The Zadroga Act also helps fund the efforts of advocates such as Flynn and Feal, who work to let potentially eligible people know what conditions are covered and what help is available.

Through his foundation, Feal travels the country to educate the thousands of first responders who flocked to Ground Zero from across the nation. Flynn and her cohorts hit the streets of Lower Manhattan and go to community meetings with informational pamphlets — and if they find someone who may be eligible, they help them sign up for an examination at one of the three certified 9/11 clinics in the city.

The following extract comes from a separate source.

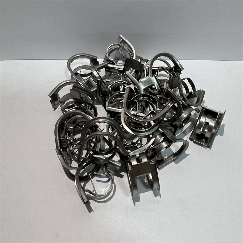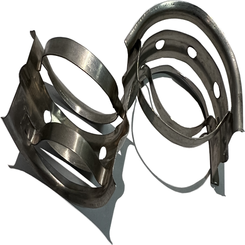 金屬矩鞍環(huán),它是綜合了環(huán)型填料的液體自分布能力和鞍型填料的通量提高的兩種不同填料的優(yōu)勢,開發(fā)出來的新式結構填料。金屬矩鞍環(huán)填料是在鞍玵填料的坯料上沖壓了鞍形筋,并在扇面中間沖出幾個半環(huán)和小爪,從而形成了開孔型填料的側壁開孔和舌形葉片。因為它的特殊結構,不但保留了鞍型填料的圓弧形氣道,其設計結構各個方面的開孔都很大,從而更有效的提高更多的均勻流體通道,有利于氣、液流均布及降低了流動的阻力,提高了處理效率。從另一方面來講,它具有較多的接觸點作為液體匯聚和分散 ,更加有利于液膜的表面更新,也促進了傳質效率的提高。因此,基于以上金屬矩鞍環(huán)的設計優(yōu)勢,不但有效提高了它的處理能力,壓降和效率,操作彈性也顯著提高

Flynn said, and noted that folks from 9/11 Environmental Action will be posted outside local Catholic churches this upcoming Ash Wednesday.

“We’ve found that’s a really good way to encounter area workers who don’t live in the area but commute here, because Ash Wednesday is a religious day of holy obligation, so they’ll come to the church near where they work,” she said.

So, as folks leave church with their holy ash markers on their foreheads — a symbol of repentance that saves the soul — Flynn will be handing out information about treatment for the harm that 9/11’s unholy ash might have done to their bodies.

“What I want people to know is that there’s something out there for people who are suffering from both physical and mental ailments, there are many unresolved health impacts people are suffering from needlessly, and people can benefit from the program,” she said.